Через полминуты три танка, превращённые в решето, горят, два взорвались. Боекомплект сдетонировал. Ещё полторы минуты лупили по пехоте. Душа моя пела при виде непрерывных кустов разрывов, разбрасывающих по сторонам изломанные фигурки в мышиной форме.

Второй акт представления мы тоже отработали сверх нормы. Цепляем трос, машина вытаскивает пушку из окопа и ходу. Теперь главное ноги, вернее, колёса. Над нами воздушный бой, но раз в небе немцы, то на нас уже кто-то целится.

Мы успели. Первый расчёт точно ушёл, а нам не повезло. Зуб даю, стреляли по нам не прицельно…

Почему-то вижу себя сверху, и мой вид мне не нравится. Мишкина улыбка становится неподвижной и страшноватой. Моя не лучше. Голос не голос, но что-то говорит, что мне пора…

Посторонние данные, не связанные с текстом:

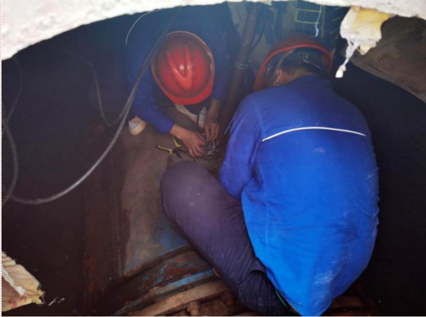 廠領(lǐng)導(dǎo)在綜合評估后,同意其思路,并作安全操作提醒。雖早有心理準(zhǔn)備,但在打開接線盒后的瞬間,李為龍等人還是倒吸一口涼氣。他們發(fā)現(xiàn)整個接線盒內(nèi)部被深色不透明的膠體充滿,無法掌握線路走向。短暫思索后,他們發(fā)揮水務(wù)人不怕苦、能戰(zhàn)斗的精神,嘗試按廠家給出建議,用熱風(fēng)槍加熱密封膠,但事與愿違,效果并不理想,密封膠沒有自動融化流出。李為龍“改巧為笨”,在加熱的同時用小刀清理變軟的膠體。該處操作空間狹小,且不能損壞內(nèi)部的線路和接線端子,必須凝神聚力,是個“精細活”“體力活”。即便同事們輪番上陣,依然個個汗如雨下。功夫不負有心人,眾人合力熬過“漫長的”4小時,最終完成了既定任務(wù)。

9 сентября, вторник, время 08:00.

Минск, штаб фронта.

— Товарищ генерал! Товарищ генерал! — меня трясут за плечо.

Какой голос для человека самый неприятный? Тот, который его будит. Лёг после двух, ворочался час, и тут на тебе — поспать лишних полчасика не дают. В такие моменты ненавижу даже Сашу, который не просто помощник, а часть меня. Недолго ненавижу. До момента, когда мне не подносят полотенце после умывания и чашку горячего кофе. Да, я не замедлил воспользоваться моментом и запасся им изрядно. Заразил мою сложную двухсоставную личность Арсеньевич этой порочной страстью.

— Ну, и чего ты меня разбудил? — занимаюсь зарядкой, запускать себя нельзя. Поприседать, помахать руками-ногами, поотжиматься. Гирю пока не трогаю, с утра не дело.

Мы во дворе, тут небольшой спортгородок организован. Брусья, тройной разновысокий турник, две трубы на тридцать и десять сантиметров над землёй. Пресс качать удобно. Сразу группой. Носки под низкую, задницей на высокую и вперёд. Отжиматься можно, когда сугробы или осенняя грязь.

— Немцы атакуют пригороды, — докладывает адъютант.

— Это как бы давно ожидаемо, п-пых! — подтягиваюсь восьмой раз.

— Не там, где их ждали. Гудериан обходит город с севера, Гот — с юга. И ударили с двух сторон одновременно.

— Ы-и-и-х! — кое-как выжимаю одиннадцатый раз. Настолько кое-как, что не решаюсь его засчитывать.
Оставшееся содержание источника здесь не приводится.